[周子韫:有空的话就过来,他太难搞了。]
她低头点开手机,深呼吸一口气,目不斜视地掠过那一群男男女女,顶着身后那人如炬的视线往里面走。
这家俱乐部是由原先的废弃工厂改造的,盘下这地方的老板干脆就沿用这种风格,不大改还挺有特色的,这地方宽敞,但缺点也很明显,那就是暗。
晴天还好,有光线透进来,可一到阴天,比如今天这种鬼天气,整个俱乐部就跟鬼屋似的,风往过道一吹就哗哗地响,听起来慎得慌。

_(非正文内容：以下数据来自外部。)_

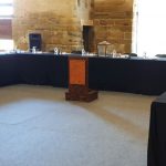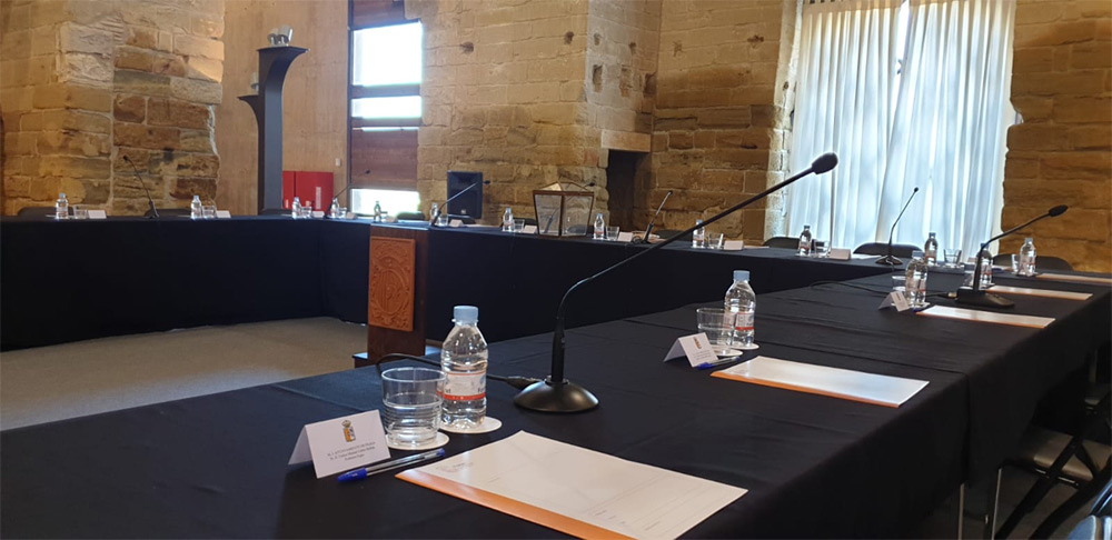Montaje de infraestructuras, mobiliario efímero y sonido para el Acto de Investidura del nuevo equipo de gobierno del M.I. Ayuntamiento de Fraga, celebrado el sábado 16 de Junio de 2019 en «Lo Castell».
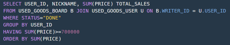 70๋ง์ ์ด์์ ์กฐ๊ฑด์ WHERE์ ์ ๊ฑธ์๋๋ฐ ์๊พธ ์ค๋ต์ด ๋์์ ๊ฒฐ๊ตญ ์ง๋ฌธํ๊ธฐ๋ฅผ ๋ดค๋ค. ์ ๋ต์ USER_ID๋ก GROUP BY๋ฅผ ํ๊ณ HAVING์ ์ ์กฐ๊ฑด์ ๊ฑฐ๋ ๊ฒ์ด์๋ค.
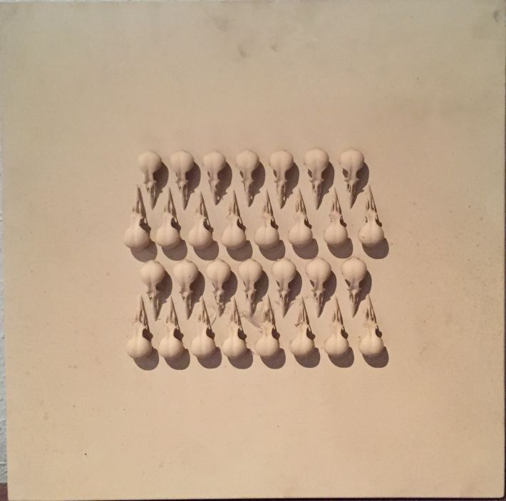 Tien paneeltjes met vogelskeletten en -koppen
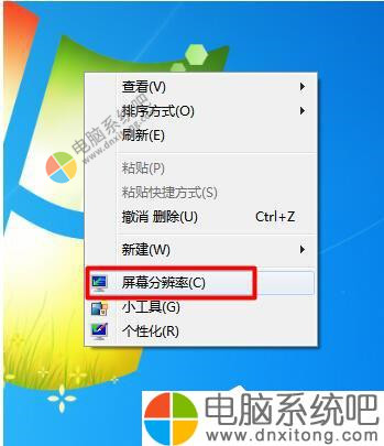 1、右击“桌面”,从弹出的菜单中选择“屏幕分辨率”项进入。
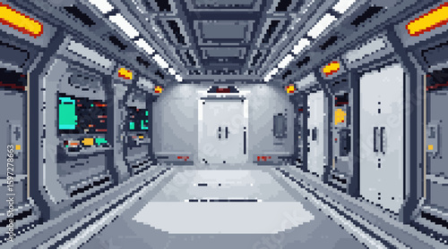 Obraz premium Pixel Art Space Station Corridor
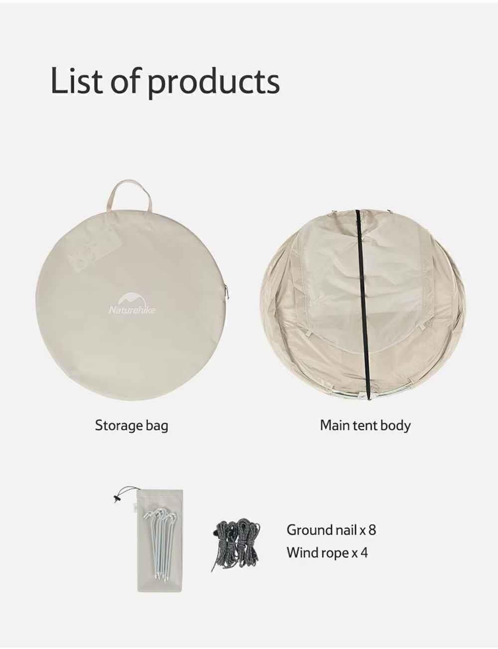 Ürün Listesi: Çadır gövdesi, saklama çantası, 8 adet toprak çivisi, 4 adet rüzgar ipi

周子韫坐在环形沙发上,朝她招了招手,指着旁边让她坐会儿。
乌妤摇摇头,说:“没事,要我做什么?”
“晕不晕车?”周子韫出声,把一瓶矿泉水递到她面前。
“有点。”乌妤如实说。
“那不太好办了,他要跟我打赌。”
乌妤看了看周子韫,问:“关于我吗?”
“不是。”周子韫笑了笑,“你清楚我每年来这待半个月只是想放松……但是他太难缠了。”
乌妤搅着衣摆,不太好接这话。
话没说两句,一楼的大灯刷地打开,从角落亮到房顶,她下意识抬头望去。
目光触及到宗崎望着自己毫不掩饰的兴味,像被蜇了下迅速收回来,只盯着面前的茶几看,背脊也不自觉挺得更直。
一股从外携来的凉气萦绕在她周身,乌妤垂着的眼睫颤了下,她知道是宗崎将手臂搭在她身后了。
“好久不见。”声音说小也不小,但足够对面的周子韫,以及后面跟上来的一群人听见。